++++ Given entries

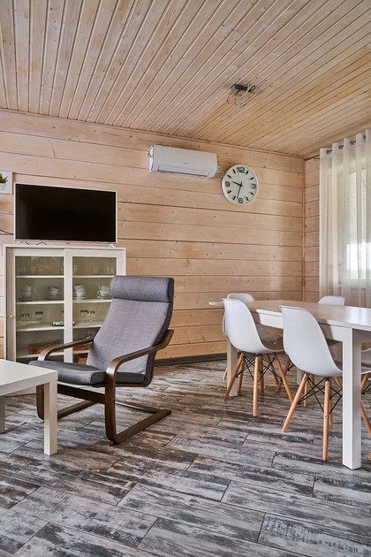 Просторные коттеджи оборудованы сауной, верандой, зоной для барбекю и детской площадкой — всё для комфортного отдыха или работы. Это пространство для общения, расслабления и зарядки новыми силами.
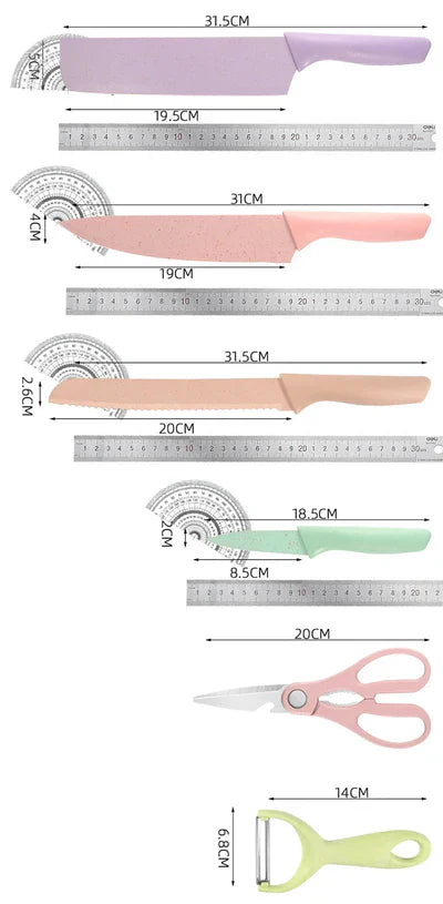 ESPECTACULAR JUEGO DE CUCHILLOS EN ACERO INXIDABLE PARA COCINA, A COLOR X 6 UNID
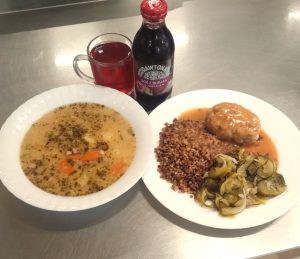 Zupa grochowa ,zraz mielony ,sos pomidorowy
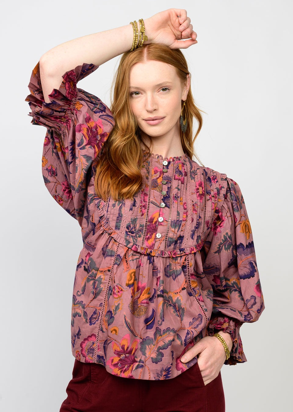A little sport, a little spice, and a whole lot of style. The Long Sleeve Poppy in Cherry Spice combines comfort and confidence with its signature stand collar, elastic dolman sleeves, and easy, relaxed silhouette. Crafted in our luxe loom fabric, it moves with you—perfect for coffee runs, busy travel days, or laid-back weekends. The warm caramel base with bold cherry red accents brings a playful punch to your wardrobe, especially when paired with the matching Joy Jogger for a polished two-piece set that’s as effortless as it is elevated.
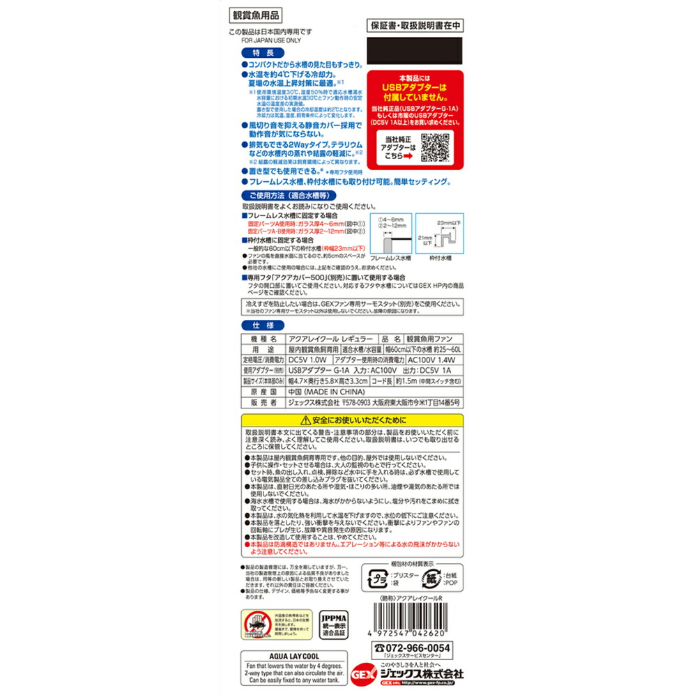 GEX アクアレイクール レギュラー 25~60L水槽 USB 冷却ファン クーラー
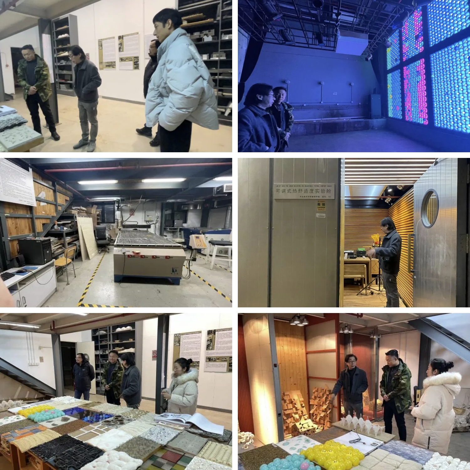 在清华大学美术学院,环境艺术设计系党支部书记李朝阳、系副主任于厉战较全面的介绍了环境艺术系的人才培养体系及教学开展情况。针对我方提出的如何创新开展实践教学的问题两位老师以夏季小学期为例讲述了他们自己的方式方法,随后双方还就教学改革、艺术教育与产业发展的趋势等情况进行了深入的交流。最后于厉战老师引导参观了艺术设计的多个实验室,参观了实验室的设置、设备使用和管理情况。
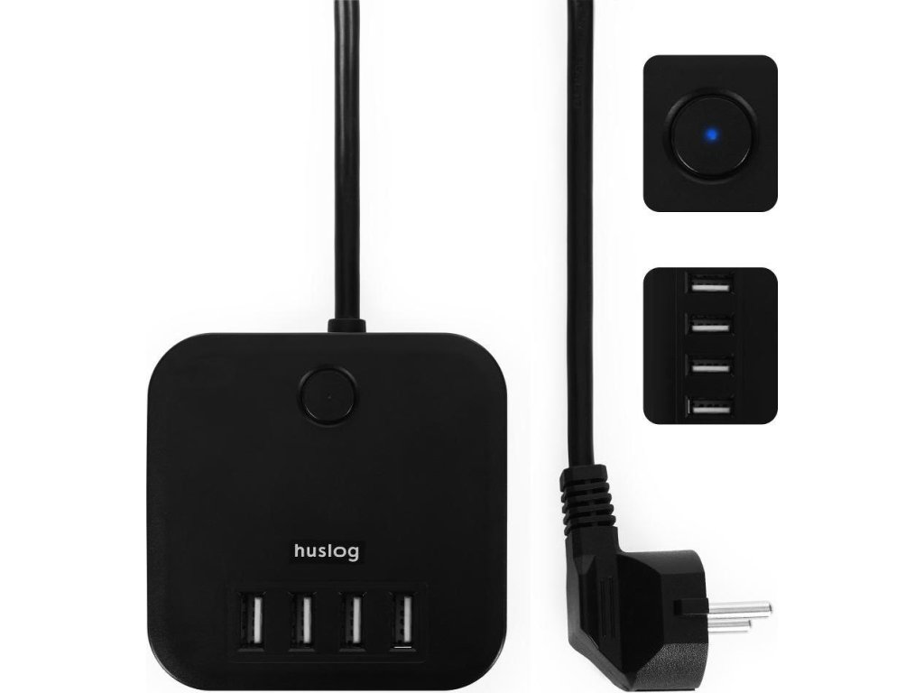 Nabíjecí stanice Huslog 12W 3xzásuvka, 4xUSB černá
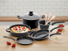 Делимано го претставува Stone Legend Black All-in-One, комплетен сет од 10 дела кој комбинира елегантен дизајн, висок квалитет и максимална функционалност. Со силна основа од јаглероден челик и облога Quantanium® со честички од вистински камен и титаниум, овие садови ја задржуваат топлината и постепено ја дистрибуираат кон храната, задржувајќи ја влагата, витамините и природните ароми.

++++++++

> [Your instructions] Everything from the line above that contains "在清华大学美术学院,环境艺术" down to the line that contains "Nabíjecí stanice Huslog" must be reproduced exactly, both ends included. Omit the pictures.

> [Reply]
 在清华大学美术学院,环境艺术设计系党支部书记李朝阳、系副主任于厉战较全面的介绍了环境艺术系的人才培养体系及教学开展情况。针对我方提出的如何创新开展实践教学的问题两位老师以夏季小学期为例讲述了他们自己的方式方法,随后双方还就教学改革、艺术教育与产业发展的趋势等情况进行了深入的交流。最后于厉战老师引导参观了艺术设计的多个实验室,参观了实验室的设置、设备使用和管理情况。
 Nabíjecí stanice Huslog 12W 3xzásuvka, 4xUSB černá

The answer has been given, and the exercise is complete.